Y colgó. Fermín dudó si volver a llamar. Pero para qué, se dijo, aquel tipo parecía tenerlo todo muy claro. No reconoció su acento pero su tono era muy imperativo, propio de alguien acostumbrado a dar y recibir órdenes, casi militar. Se quedó intrigado y volvió a casa de la señora Rosario. Elena seguía con fiebre. Le explicó el plan. Ella asintió con sus ojos violetas. Habló con el médico y acordaron que se quedaría a su cuidado hasta que unos amigos en el plazo de una semana fueran a recogerla. Él tenía que regresar a Madrid esa misma noche y devolver el coche. Don Paco no dejó que Fermín le diese explicaciones. Tampoco la señora Rosario quiso aceptar dinero. Se hicieron los fuertes a la hora de la despedida, impostando confianza en el futuro. La sensación de fracaso, la tristeza de la separación, la incertidumbre sobre qué sería de ellos eran interrumpidas cada dos por tres por los vecinos que entraban y salían cada uno con sus consejos y palabras de ánimo.
Salió de regreso tarde, cuando la noche y el sueño envolvían al pueblo. Seguía haciendo un frío de perros. Rascó el hielo de los cristales del coche y mantuvo el motor un rato al ralentí. Nada más salir, no vio un carro al acceder a la carretera general, dio un volantazo y el coche patinó durante unos metros hasta que consiguió enderezarlo al borde de una acequia. Hizo el viaje de vuelta maldiciéndose por haber abandonado a Elena en esas circunstancias, dudando a cada rato si darse la vuelta y que pasara lo que tuviera que pasar, torturándose con los peores augurios de lo que les esperaba a los dos, preguntándose quiénes eran los que estaban detrás de Moisés y jurándose que la rescataría si esa gente no cumplía su palabra. ¿Quiénes eran en realidad? Eran un contacto del tal Brian o Kelly, le había dicho Elena, pero ¿quiénes? ¿Por qué hablaba aquel tipo con tanta seguridad? ¿Qué querrían a cambio?
Un control a mitad de camino le sacó de la angustia que le ahogaba. El cabo del puesto, un tipo desconfiado y meticuloso, le hizo mil preguntas sobre su procedencia, el destino, el motivo, la hora… recelando de cada respuesta. Le hizo bajar del coche, le cacheó, ordenó al otro carabinero que registrase el auto y se demoró comprobando sus papeles con tesón de analfabeto. Fermín decidió contraatacar y remedando el autoritarismo de los altos funcionarios del Partido, acabó consiguiendo que se le cuadrara y le despidiese con el habitual “¡Siempre a la orden!”. Interpretó el incidente como un buen signo. Le infundió confianza en sí mismo y pasó el tramo final del viaje haciendo planes para sacar a Elena de aquel agujero al margen de Moisés. Llegó al garaje de madrugada. Faltaba aún unas horas para que abrieran y decidió esperar en el coche dando una cabezada.
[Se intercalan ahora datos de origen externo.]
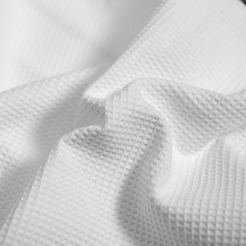 • Hotelový župan s kimonovým golierom s malým vaflovým golierom zo 100 % čistej bavlny
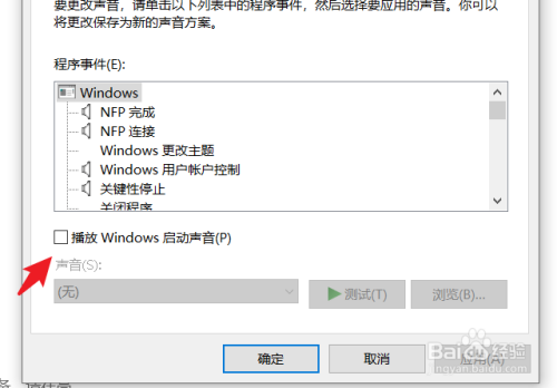 5.勾选播放Windows启动声音的选项。
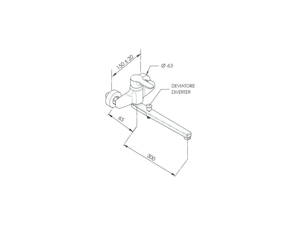 - Umývadlová/vaňová batéria nástenná s prepínačom

El desagradable chirrido de la puerta metálica del garaje al abrirse le despertó. Entregó el coche y cogió el tranvía de vuelta a su habitación. La lluvia golpeaba en los cristales.
En la emisora las cosas volvían perezosamente a ponerse en marcha. A la hora de comer bajó al café de siempre. Al fondo, leyendo un tomo enorme, reconoció a Padilla.
–¡Feliz año! –le saludó taciturno.
–Igualmente. ¿Cómo estás? No tienes muy buena cara, ¿todavía te dura la resaca de Nochevieja?
–Buff, mucho peor que eso… –respondió bostezando de sueño y agotamiento–. ¿Qué es eso que lees con tantas páginas?
–A Tucídides, la guerra del Peloponeso. Ten en cuenta que tengo mucho tiempo libre y también muchas lagunas. Además cuenta cosas que parecen muy contemporáneas, pero, bueno, ¿a ti qué te ha pasado?
Fermín le contó el fracaso de su segundo intento de fuga. Padilla le miró preocupado.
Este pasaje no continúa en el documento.